Information given section start

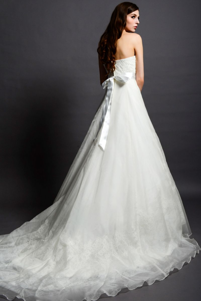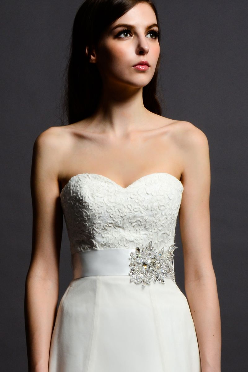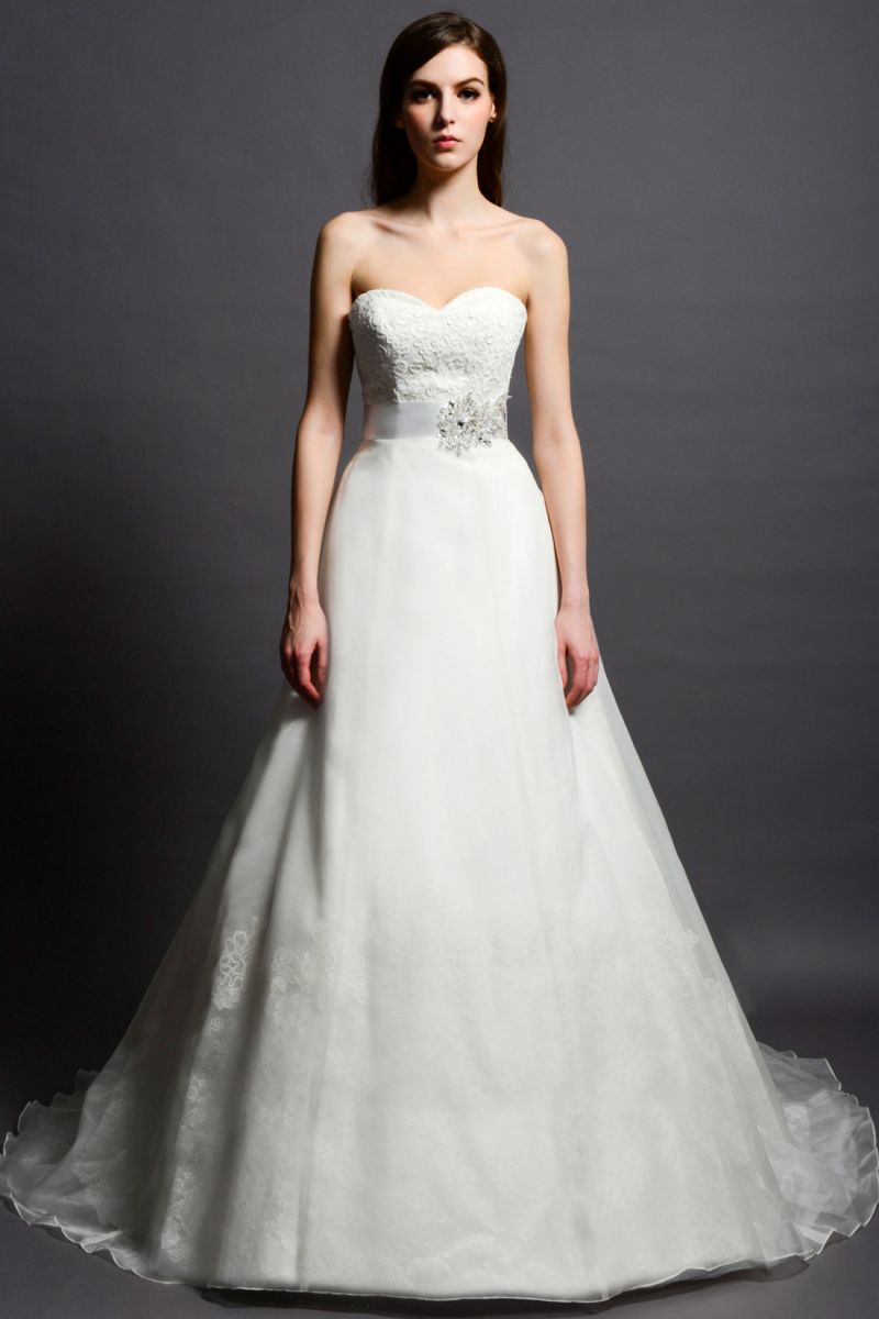 A beautiful A-line gown made strapless with a sweetheart lace bodice and crystallized beaded belt. The lace-accent skirt has a Silky Organza overlay and a chapel length train. Available in Ivory only. The detachable belt can also be ordered separately. (See BLT052)
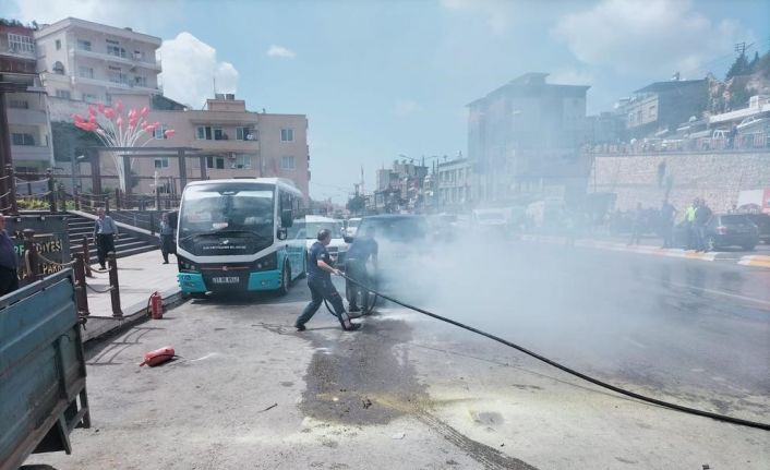 Belen Karayolu çarşı merkezinde aracında yangın çıktığı fark eden araç sahibi durumu, 112 Acil Çağrı Merkezi’ne bildirdi. Olay yerine gelen Hatay Büyükşehir Belediyesi itfaiye ekipleri yangını söndürdü. Yangında can kaybı yaralanma meydana gelmezken, araçta maddi hasar oluştu.
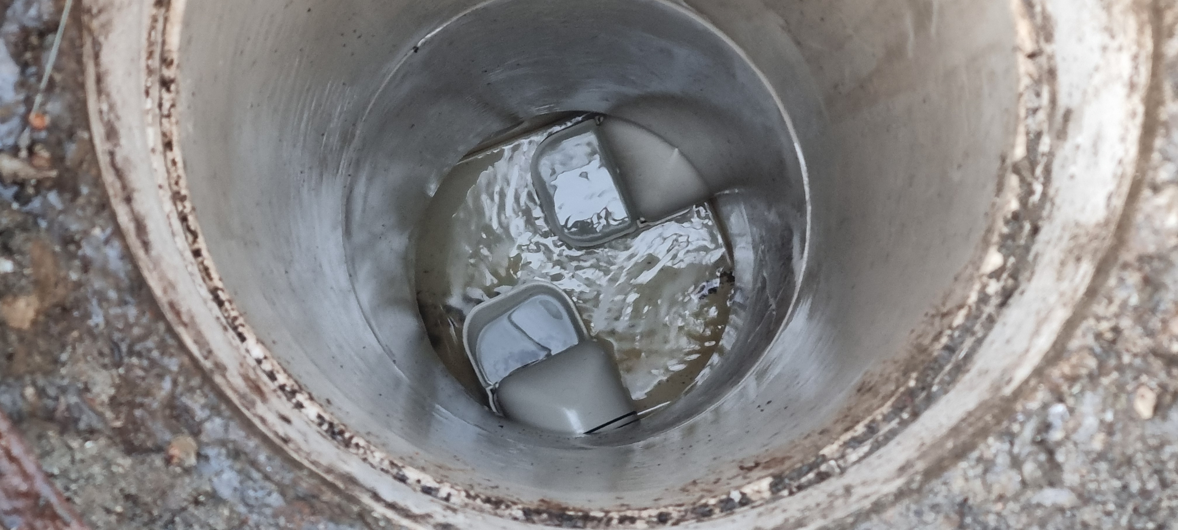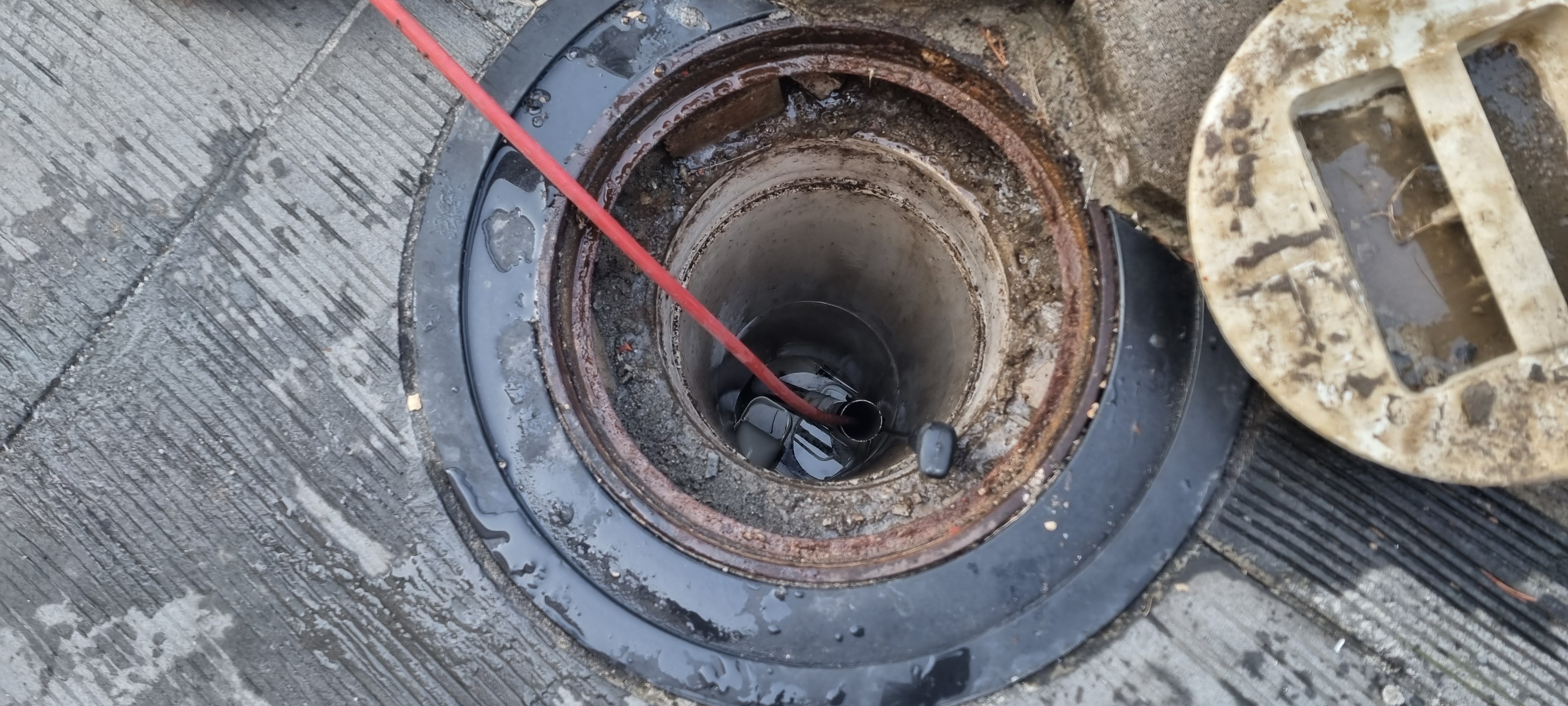 먼저 긴 파이프를 이용해 물이 내려갈 수 있도록 길을 찾았습니다. 다행히 출수쪽으로 물이 빠지기 시작하면서 건물내부 하수배관에 정체되어 있던 물이 흘러나옵니다.
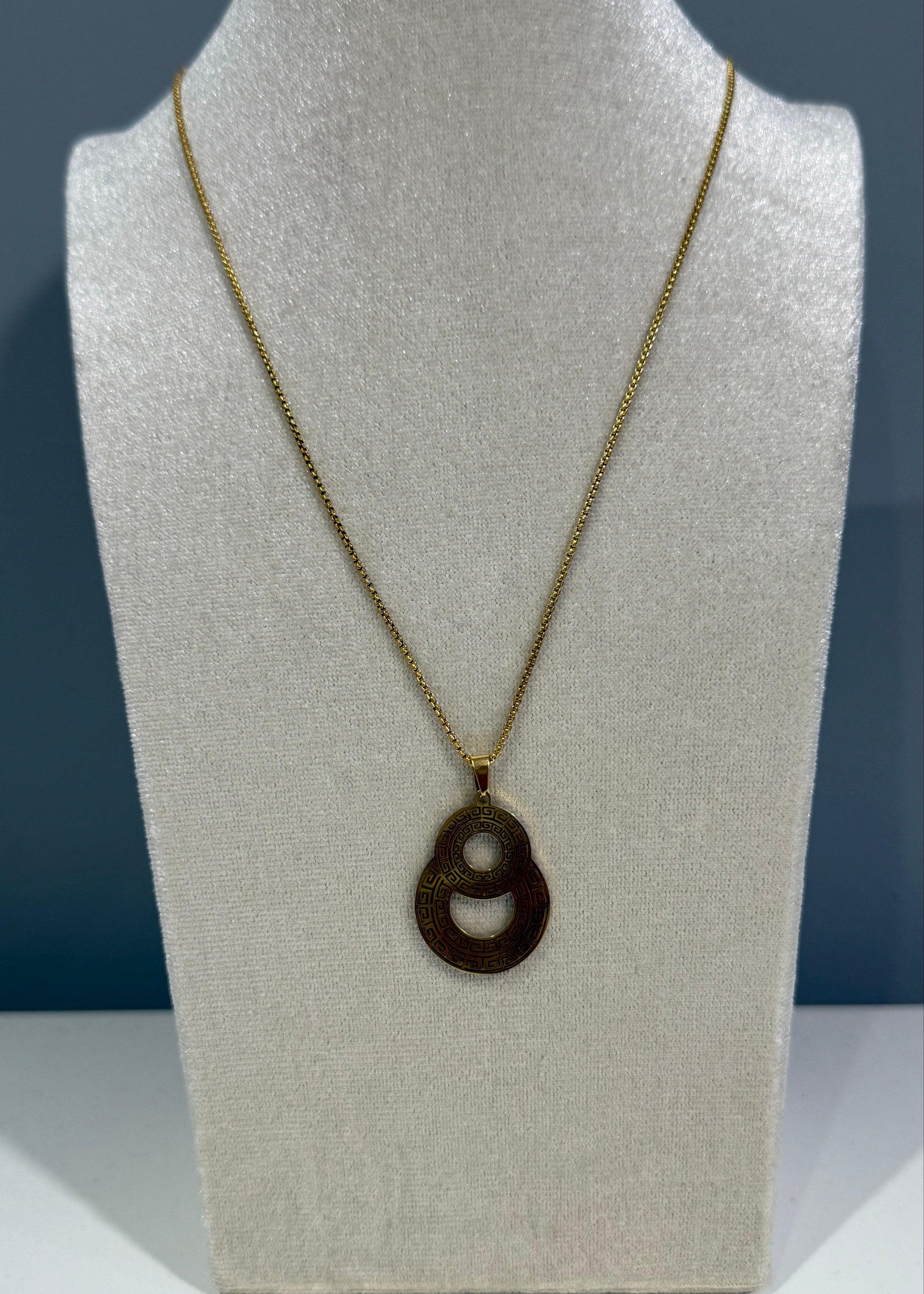 Collar de acero dorado con colgante geométrico de doble círculo grabado con patrón griego.
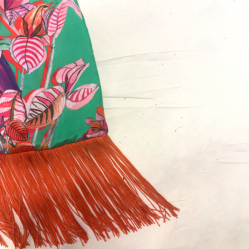 Fire-Toned Fringe: A lush, voluminous fringe in a brilliant Orange hue cascades from the base. This dynamic colour clash with the jade silk is both unexpected and utterly chic, providing beautiful texture and motion.
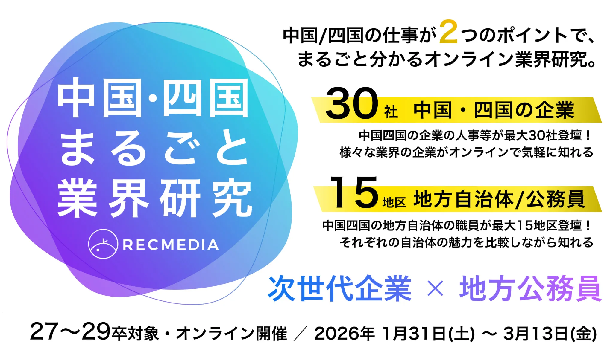主に、27卒対象の就活イベント。中国/四国の大手企業/隠れ優良企業や地方自治体(公務員)がオンライン登壇!幅広い業種・職種に関する仕事内容・インターン案内・早期選考等の説明会を実施。ZOOMを使って、カメラOFF・ミュートで参加、文系・理系どちらも参加OK!
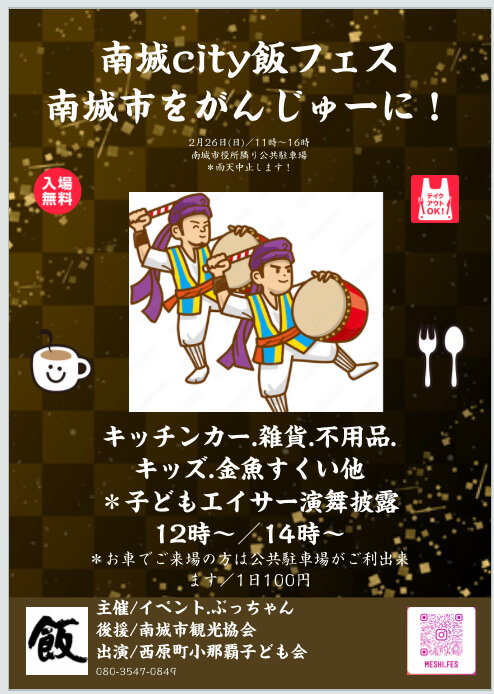 2023年2月26日(日)、南城市役所の隣りにある公共駐車場にて「南城city飯フェス」が開催される。

Information given section end

= Task to complete =
Write the entries out again exactly as they appear, with the pictures omitted.

= Response box =
 A beautiful A-line gown made strapless with a sweetheart lace bodice and crystallized beaded belt. The lace-accent skirt has a Silky Organza overlay and a chapel length train. Available in Ivory only. The detachable belt can also be ordered separately. (See BLT052)
 Belen Karayolu çarşı merkezinde aracında yangın çıktığı fark eden araç sahibi durumu, 112 Acil Çağrı Merkezi’ne bildirdi. Olay yerine gelen Hatay Büyükşehir Belediyesi itfaiye ekipleri yangını söndürdü. Yangında can kaybı yaralanma meydana gelmezken, araçta maddi hasar oluştu.
 먼저 긴 파이프를 이용해 물이 내려갈 수 있도록 길을 찾았습니다. 다행히 출수쪽으로 물이 빠지기 시작하면서 건물내부 하수배관에 정체되어 있던 물이 흘러나옵니다.
 Collar de acero dorado con colgante geométrico de doble círculo grabado con patrón griego.
 Fire-Toned Fringe: A lush, voluminous fringe in a brilliant Orange hue cascades from the base. This dynamic colour clash with the jade silk is both unexpected and utterly chic, providing beautiful texture and motion.
主に、27卒対象の就活イベント。中国/四国の大手企業/隠れ優良企業や地方自治体(公務員)がオンライン登壇!幅広い業種・職種に関する仕事内容・インターン案内・早期選考等の説明会を実施。ZOOMを使って、カメラOFF・ミュートで参加、文系・理系どちらも参加OK!
 2023年2月26日(日)、南城市役所の隣りにある公共駐車場にて「南城city飯フェス」が開催される。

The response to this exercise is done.